3)Draw or scribe lines on either side of of your stock at the proper depth.

4)Carefully file away the excess wood down to your lines, leaving just a little bit to go and angling the file up a bit so you don't take chips of the opposite side. Do this on both sides.

5) Cut away the lump in the middle of the toe left by the file and slightly hollow out the center, so only the edges will touch the plate. There are multiple ways of doing that - I personally would use a a good sharp chisel to pare away most of the lump, followed by a shallow gouge or a rough scraper to hollow it slightly. With a narrow toe like I suspect you have, you may not need to remove much - the point to take away is that only the edges need to touch. I would leave about a 1/16" or a little larger flat on either side.
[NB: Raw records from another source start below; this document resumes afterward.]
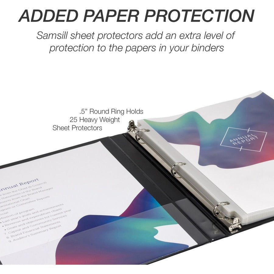Samsill's three ring binders make indispensable home, office, and school supplies. While many binders are available, our multipurpose business and school binder offers the economical paper storage and organizational value you've been searching for. This important document binder features a clear overlay along the front, back, and spine, allowing you to customize your presentations, projects, and more. Non-stick materials are used to make this product, which prevents ink transfer or lifting copy when materials are inserted into the cover or placed inside. Three binder rings with double boosters hold up to 100 - 8.5 by 11 inch letter-sized sheets with ease. The rings are mounted on the back lid, allowing pages to lay flat while preventing wear and tear on documents. 2 clear interior pockets provide additional storage with enough space for notes, photos, business cards, or full-size pages. Get crafty with our ring binders and create a baseball card binder, portfolio binder, recipe binder, trading card binder, savings binder, etc. The possibilities are endless!
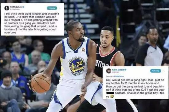 杜兰特与各路人马在社交媒体上公开互怼,其中既有普通网友,但也不乏NBA球星们。但无论杜兰特怎么在网上发布言论,都无法阻挡潮水般的质疑声。日前,杜兰特就与开拓者队球星C.J。-麦科勒姆结下了梁子,两人原本是关系尚可的朋友,但现在却产生了不小的隔阂。
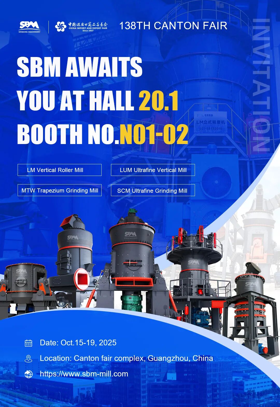 SBM sincerely invites you to attend the 138th China Import and Export Fair and gather with us at booth N01-02, Hall 20.1, jointly exploring green innovation and intelligent future in the field of grinding equipment.
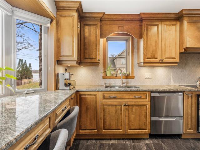 Charming two-storey home located in Pierrefonds with beautiful water views. Features a lovely kitchen with wood cabinetry, granite countertops, and heated floors. Bright dining area with calming water views. Two bedrooms upstairs and two additional bedrooms in the finished basement. Enjoy the balcony and peaceful surroundings. Ideally located near parks, waterfront areas, schools, and everyday amenities. A warm and inviting home offering comfort, location, and lifestyle. (49617407)
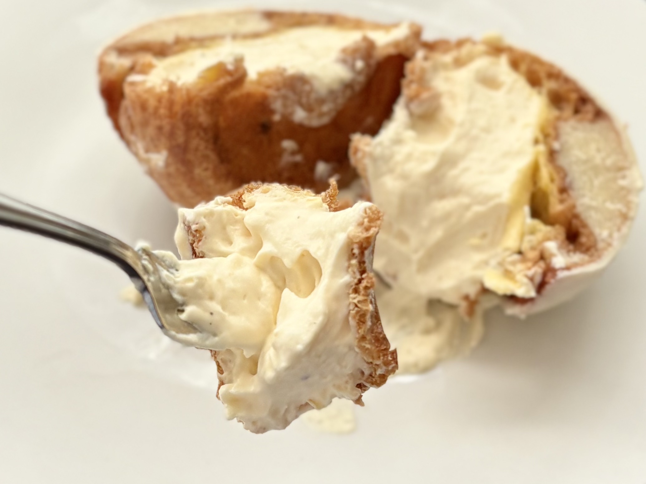 もしや丸ごとガブッといくほうが良かったのかしらと思いつつも、切ってしまったものは仕方ありません。フォークですくって食べてみると、クリームの味わいがとっても濃厚〜!

6)If you are using anything other than a rectangular plate, cut a rough inlet inside your scribed lines for the front part of the toe.

7)Coat your toeplate with transfer color and inlet straight down, using files, chisels, or scrapers to remove wood at the bottom of the mortise, until you reach the proper depth. Ideally, it will be showing black along the edges, but still slightly hollow in the center of the inlet. Of course, if you didn't hollow it out deeply enough the first time you can always scrape out a little more...
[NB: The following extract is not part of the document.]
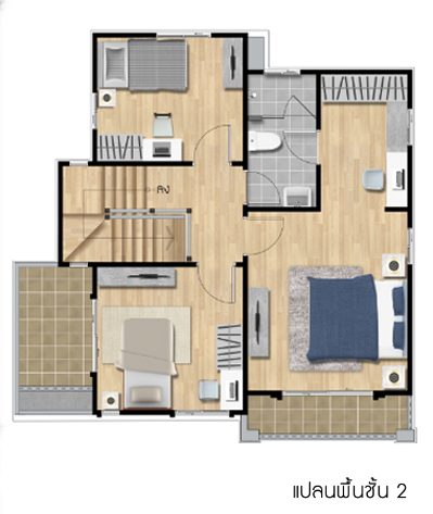 เมื่อขึ้นมาที่ชั้น 2 แล้ว จะพบกับฟังก์ชั่นบ้านของห้องต่างๆ ดังรูปนี้ค่ะ เริ่มจากฝั่งซ้ายมือ คือห้องนอน 3 ติดกันคือห้องน้ำ

8) Screw it down, file the edges to match the stock.

I apologize if some of this is too elementary.
 
Thanks for your responses.
None are too elementary for me, thats for certain. I am pretty new to this stuff. I've read the books but all seem to lack in detail. Lots of info on power tools but not a whole lot on the handle tool approach.
 
I mark a line on each side for the depth of the plate, then take a coping saw & cut a groove across the toe almost to the depth of the line, taking care NOT to go past that line on each side. Make multiple cuts about ever 1/4" to 1/2" depending on the curl of the wood, more curl requires more cuts as it will chip out easily & leave you with a tear or chunk out to repair. :shake:

Take it all down to the line & then use a small bent chisel to get all flat with your depth line. Use the edge of a small piece of metal not quite as large as the toeplate to keep checking for it to be flat.
When you think you have it close, use inletting black to blacken the inside of the toeplate, lay it on the , tap it, remove & take out the high spots.Center is usually high so relieve that just a tad out to about 3/16 to 1/4" of the edge.

When you get ready for screws, draw a center line down the toeplate. Figure out how may screws keeping in mind that if you get too close to the end of the toe, you could break it or chip it out & be worse off than you started.

Off the stock, centerpunch & drill a small pilot holes the dia of the screw shaft center into the toeplate, then put the plate on the toe & predrill the holes the depth required. WATCH THE ANGLE OF THE DRILL..... you want the screws 90 deg to the plate, Regardless of the shape of the butt.... this puts the screw heads down evenly... :hmm:

Take the toeplate off & you can now countersink the holes for the screw heads, all holes the same depth..

Take a fine tipped Exacto knife & get a lil patchlube (grease type) and take the tip of the blade & gather a tad & insert the grease into the holes to lube them. Now put the screws in. IF they feel too tight, back the screw out & go to a slightly larger bit, or do a test hole in a block of wood & try it, then go to the stock.

Keith Lisle
 
Marwin- avoid the siren song of power tools... this work is way too delicate for their use (don't ask me how i know) :redface: :redface: :redface:

i've used Elnathan's approach, but next time i'll try Birddog's.

for what it's worth, you'll look really cool if the slots of the screws line up with the axis of the rifle.

good luck with your build... then go forth and make good smoke!